— WHAT IS REQUIRED —
Exact copy required. Repeat the records, but keep the pictures out.

— INFORMATION GIVEN —
______

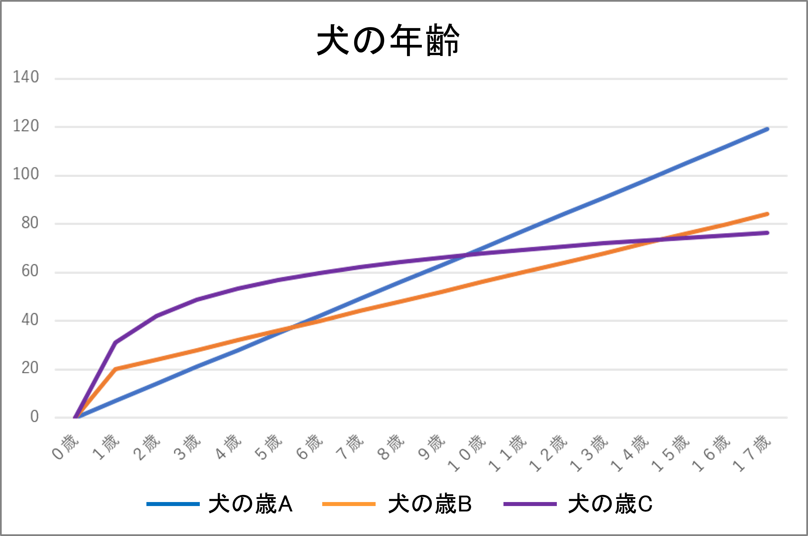 上の図では犬の年齢計算をA・B・Cのグラフにして表しました。 |
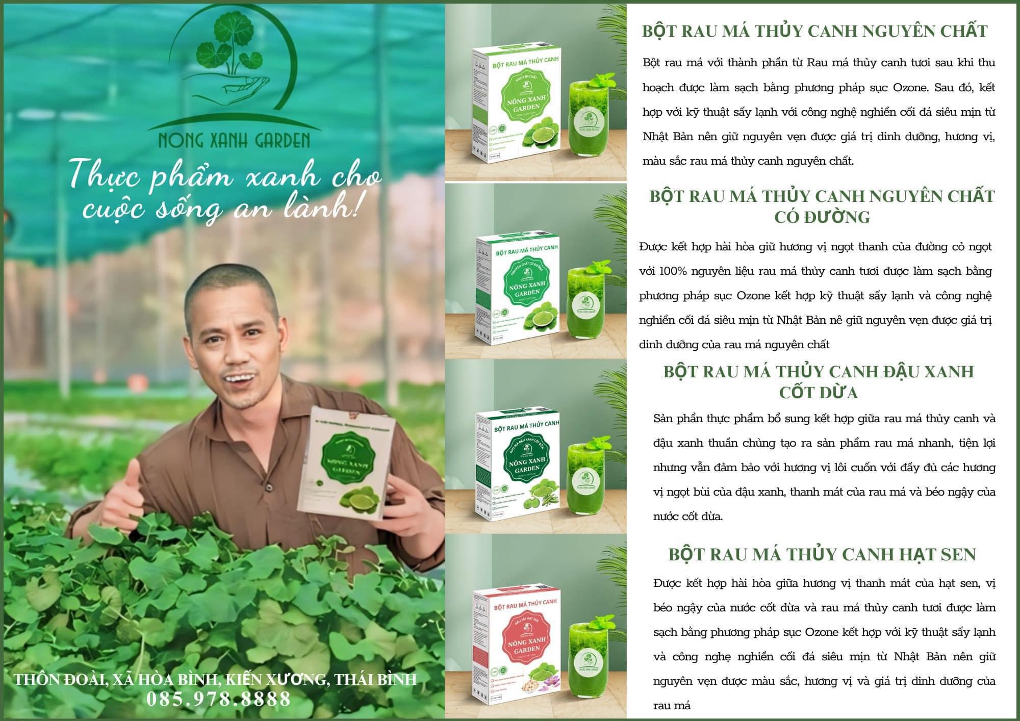 Rau má thủy canh của Nông Xanh Garden được trồng hoàn toàn theo phương pháp thủy canh công nghệ cao. Cây rau má thủy canh được trồng hoàn toàn trong môi trường nhà kính nên loại bỏ được hoàn toàn những tác nhân gây hại của môi trường cũng như sâu bệnh và hoàn toàn không sử dụng hóa chất bảo vệ thực vật mang lại cho người tiêu dùng sản phẩm xanh sạch nhất. Hiện Nông Xanh đang nghiên cứu chuyên sâu về các thành phần dinh dưỡng trong cây rau má thủy canh. Đối với sản phẩm bột rau mà thủy canh Nông Xanh sẽ có sự khác biệt rõ rệt là không chỉ thu hoạch được là rau mà còn có cả dây hoa rau má mật hoa, hàm lượng dinh dưỡng trong những bộ phận này cao gấp 5 lần so với chỉ thu hoạch được là rau từ khâu gieo trồng cho đến thu hoạch và sấy lạnh ở nhiệt độ thấp rút toàn bộ nước trong cây rau sau đó nghiền mịn bằng công nghệ nghiền cối đá không sinh nhiệt của Nhật Bản nên đảm bảo được tất cả các chất dinh dưỡng cũng như được chất trong cây rau mà được đảm bảo. Nông Xanh Garden còn là địa chỉ cung cấp rau má thuỷ canh tươi - sạch cho hệ thống cách siêu thị - nhà hàng khách sạn và các điểm bán nước ép rau má thuỷ canh tươi trên toàn quốc.
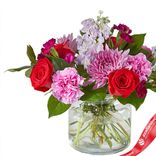 - Изысканная гармония: Сочетание роз, гвоздик, хризантем и маттиолы создает волшебную атмосферу, полную легкости и гармонии.
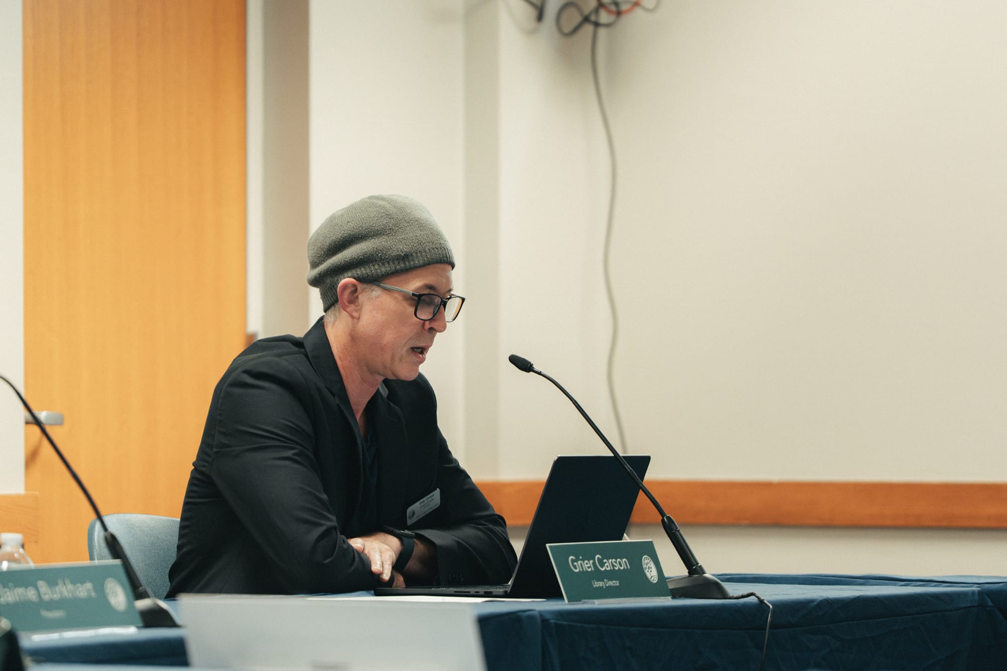 The Monroe County Public Library board of trustees at its regular meeting on Wednesday. Right: Library director Grier Carson describes proposed changes to downtown library hours before the board voted to approve the adjustments. (Kelton O'Connell, Aug. 20, 2025)
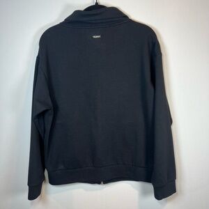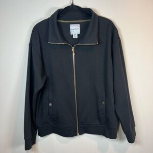 Tommy Bahama Jacket Black Full Zip Sweatshirt Black Gold Colored Zipper Pineapple Zipper Pull Ribbed Texture Stretch Mock Neck Front Snap Pockets
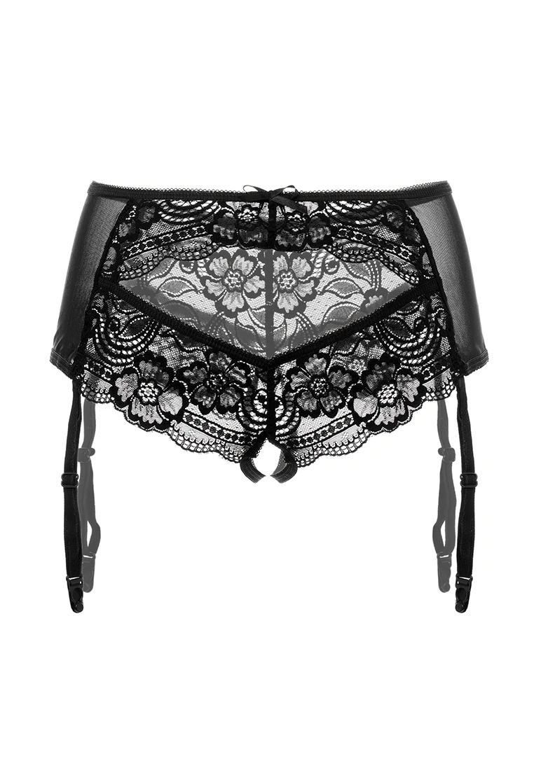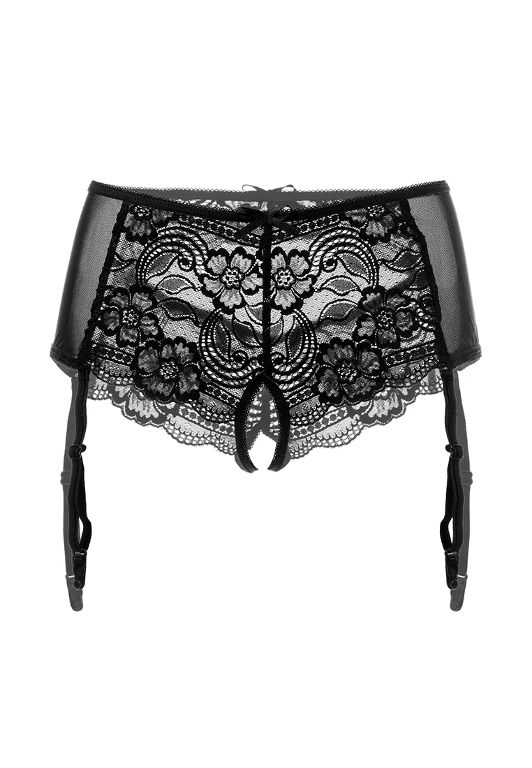 Эротические трусики-пояс из стрейч-сетки, эластичные, со сложными кружевными вставками, с вырезом сзади, без боковых швов, с атласными бантиками. Пажи съемные. Упаковка: коробка 14 х 10 х 2,5 см с еврослотом. Размер: 50-52.
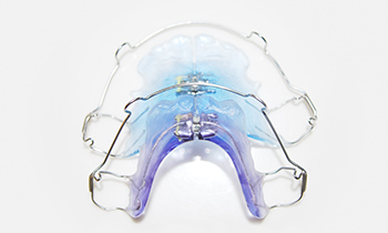 乳歯と永久歯が生えている混合歯列期に使用する矯正器具であり、レジンでできた床にワイヤーなどが組み合わさっています。顎を広げることを目的としており、永久歯がきれいに並ぶスペースを確保する効果があります。
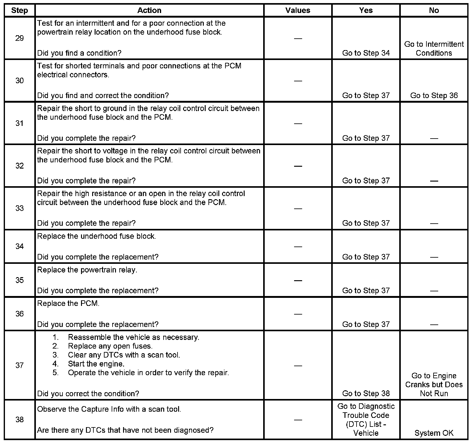 If the powertrain relay fails to close, the engine will crank but will not run. The class 2 communications will be available with the use of a scan tool.

______

— RESPONSE TO THE TASK —
 上の図では犬の年齢計算をA・B・Cのグラフにして表しました。 |
 Rau má thủy canh của Nông Xanh Garden được trồng hoàn toàn theo phương pháp thủy canh công nghệ cao. Cây rau má thủy canh được trồng hoàn toàn trong môi trường nhà kính nên loại bỏ được hoàn toàn những tác nhân gây hại của môi trường cũng như sâu bệnh và hoàn toàn không sử dụng hóa chất bảo vệ thực vật mang lại cho người tiêu dùng sản phẩm xanh sạch nhất. Hiện Nông Xanh đang nghiên cứu chuyên sâu về các thành phần dinh dưỡng trong cây rau má thủy canh. Đối với sản phẩm bột rau mà thủy canh Nông Xanh sẽ có sự khác biệt rõ rệt là không chỉ thu hoạch được là rau mà còn có cả dây hoa rau má mật hoa, hàm lượng dinh dưỡng trong những bộ phận này cao gấp 5 lần so với chỉ thu hoạch được là rau từ khâu gieo trồng cho đến thu hoạch và sấy lạnh ở nhiệt độ thấp rút toàn bộ nước trong cây rau sau đó nghiền mịn bằng công nghệ nghiền cối đá không sinh nhiệt của Nhật Bản nên đảm bảo được tất cả các chất dinh dưỡng cũng như được chất trong cây rau mà được đảm bảo. Nông Xanh Garden còn là địa chỉ cung cấp rau má thuỷ canh tươi - sạch cho hệ thống cách siêu thị - nhà hàng khách sạn và các điểm bán nước ép rau má thuỷ canh tươi trên toàn quốc.
 - Изысканная гармония: Сочетание роз, гвоздик, хризантем и маттиолы создает волшебную атмосферу, полную легкости и гармонии.
 The Monroe County Public Library board of trustees at its regular meeting on Wednesday. Right: Library director Grier Carson describes proposed changes to downtown library hours before the board voted to approve the adjustments. (Kelton O'Connell, Aug. 20, 2025)
 Tommy Bahama Jacket Black Full Zip Sweatshirt Black Gold Colored Zipper Pineapple Zipper Pull Ribbed Texture Stretch Mock Neck Front Snap Pockets
 Эротические трусики-пояс из стрейч-сетки, эластичные, со сложными кружевными вставками, с вырезом сзади, без боковых швов, с атласными бантиками. Пажи съемные. Упаковка: коробка 14 х 10 х 2,5 см с еврослотом. Размер: 50-52.
 乳歯と永久歯が生えている混合歯列期に使用する矯正器具であり、レジンでできた床にワイヤーなどが組み合わさっています。顎を広げることを目的としており、永久歯がきれいに並ぶスペースを確保する効果があります。
 If the powertrain relay fails to close, the engine will crank but will not run. The class 2 communications will be available with the use of a scan tool.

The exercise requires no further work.